Your objective: The output should hold exactly, and only, the lines from the line bearing "상부에 창을 달고 하부" through the last line of the listing below, and no pictures.

Dataset excerpt:
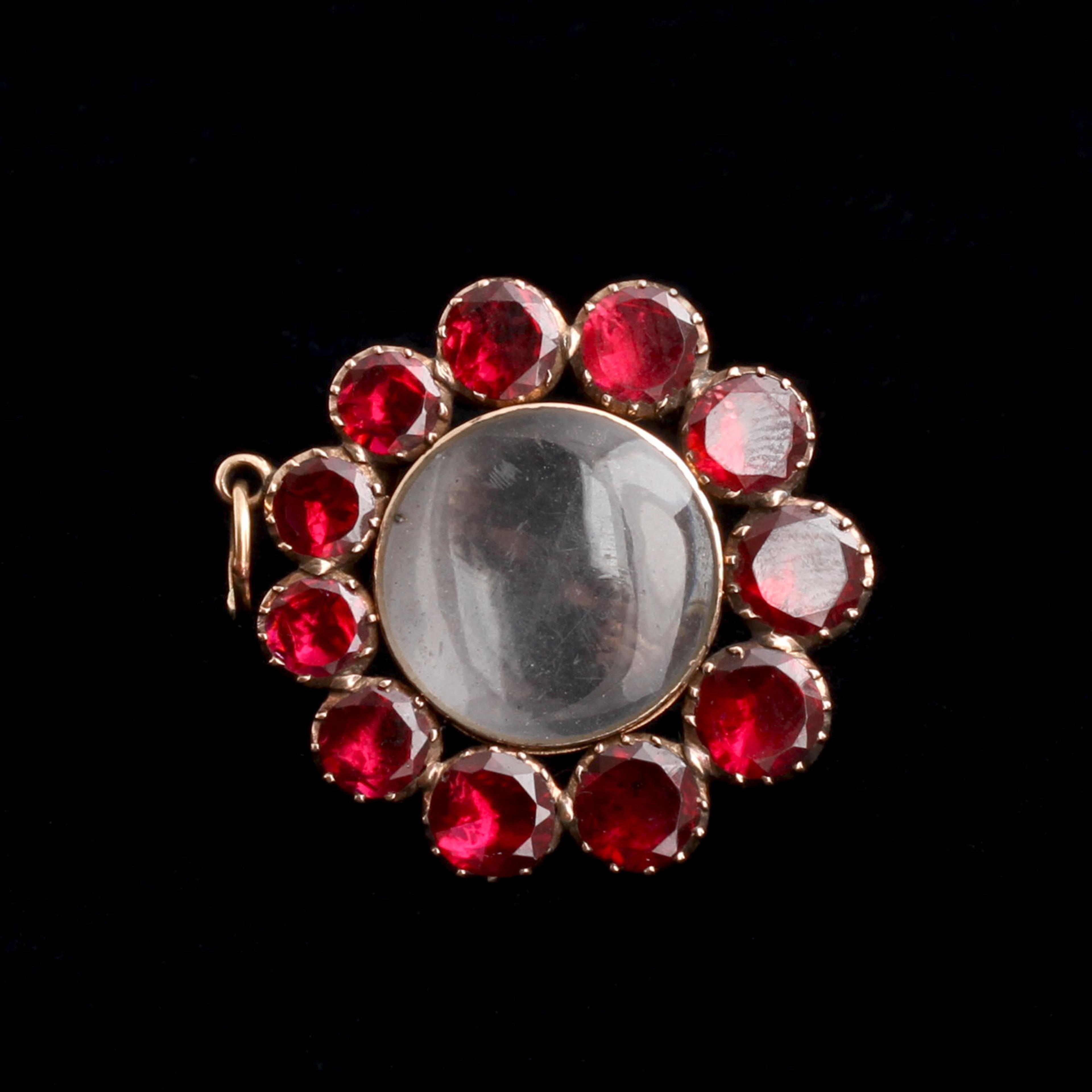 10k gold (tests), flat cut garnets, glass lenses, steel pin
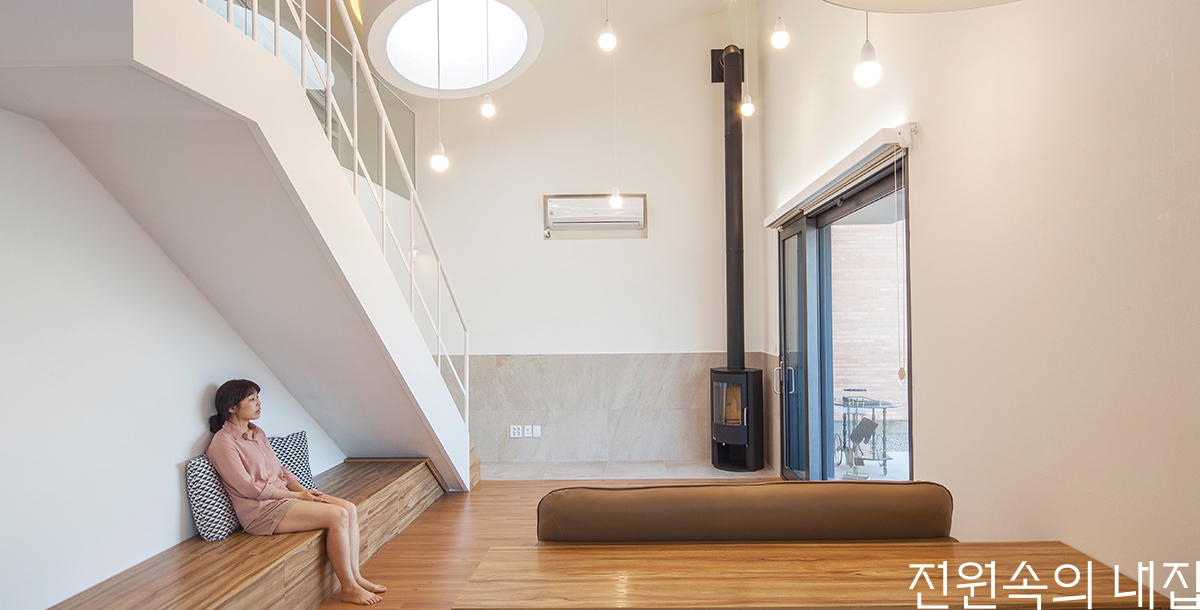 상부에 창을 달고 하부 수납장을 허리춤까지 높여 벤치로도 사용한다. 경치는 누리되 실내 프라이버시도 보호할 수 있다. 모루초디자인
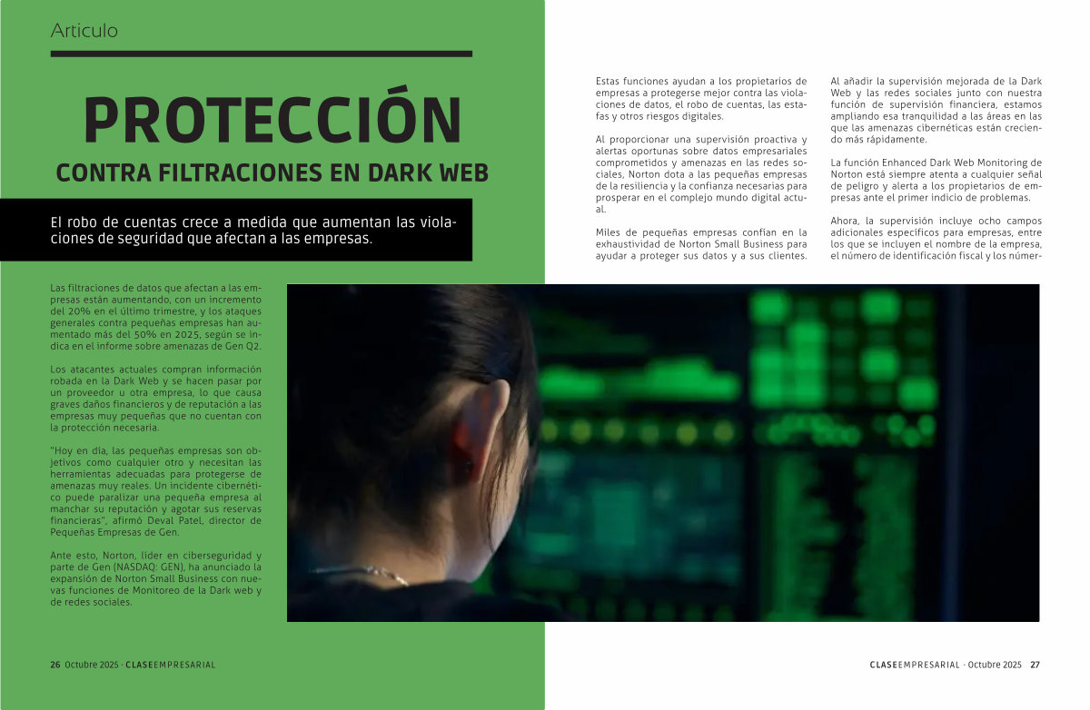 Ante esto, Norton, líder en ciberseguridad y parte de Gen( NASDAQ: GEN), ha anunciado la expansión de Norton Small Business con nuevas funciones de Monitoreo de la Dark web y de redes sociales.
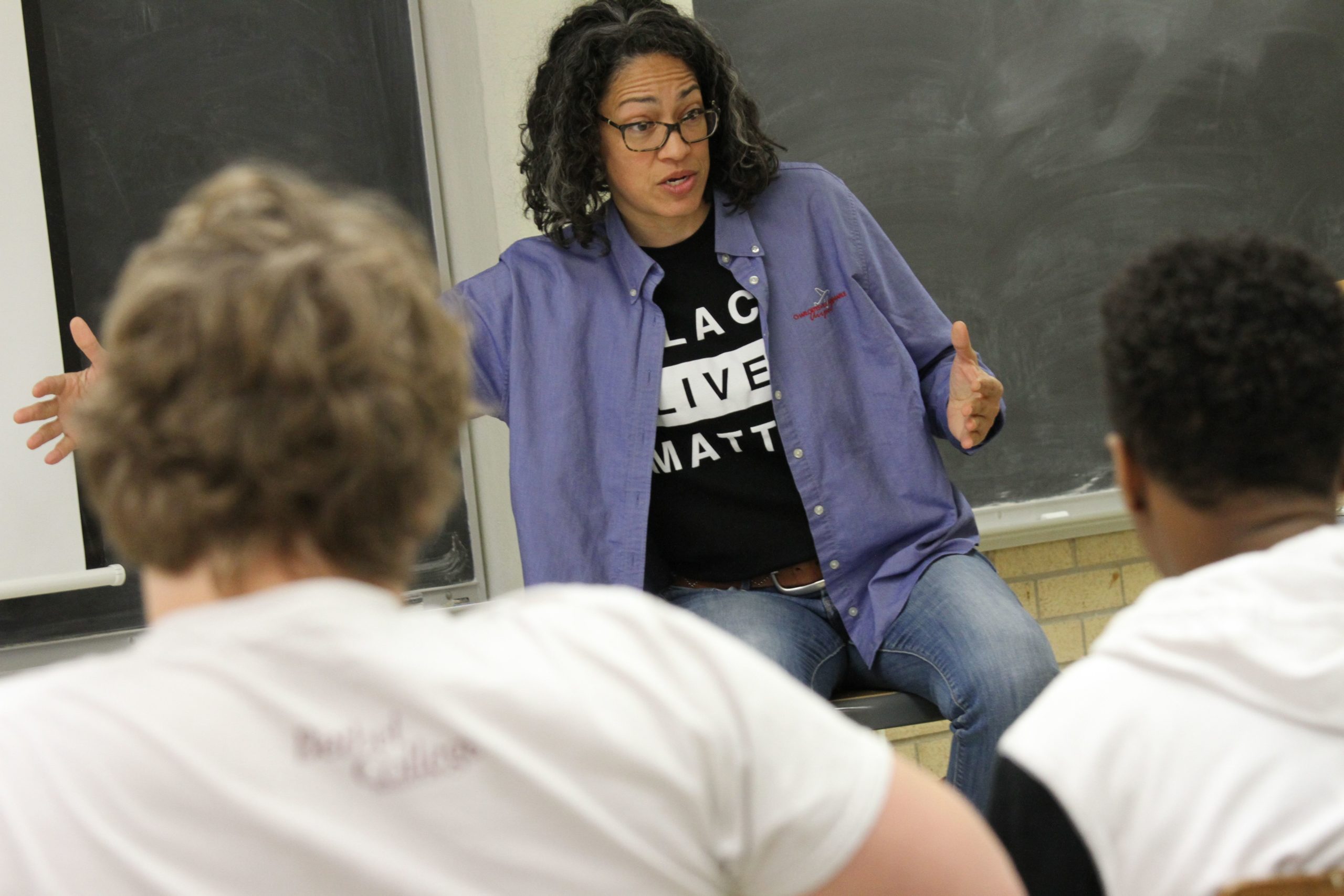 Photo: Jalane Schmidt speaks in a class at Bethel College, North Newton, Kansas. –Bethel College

Expected answer:
 상부에 창을 달고 하부 수납장을 허리춤까지 높여 벤치로도 사용한다. 경치는 누리되 실내 프라이버시도 보호할 수 있다. 모루초디자인
 Ante esto, Norton, líder en ciberseguridad y parte de Gen( NASDAQ: GEN), ha anunciado la expansión de Norton Small Business con nuevas funciones de Monitoreo de la Dark web y de redes sociales.
 Photo: Jalane Schmidt speaks in a class at Bethel College, North Newton, Kansas. –Bethel College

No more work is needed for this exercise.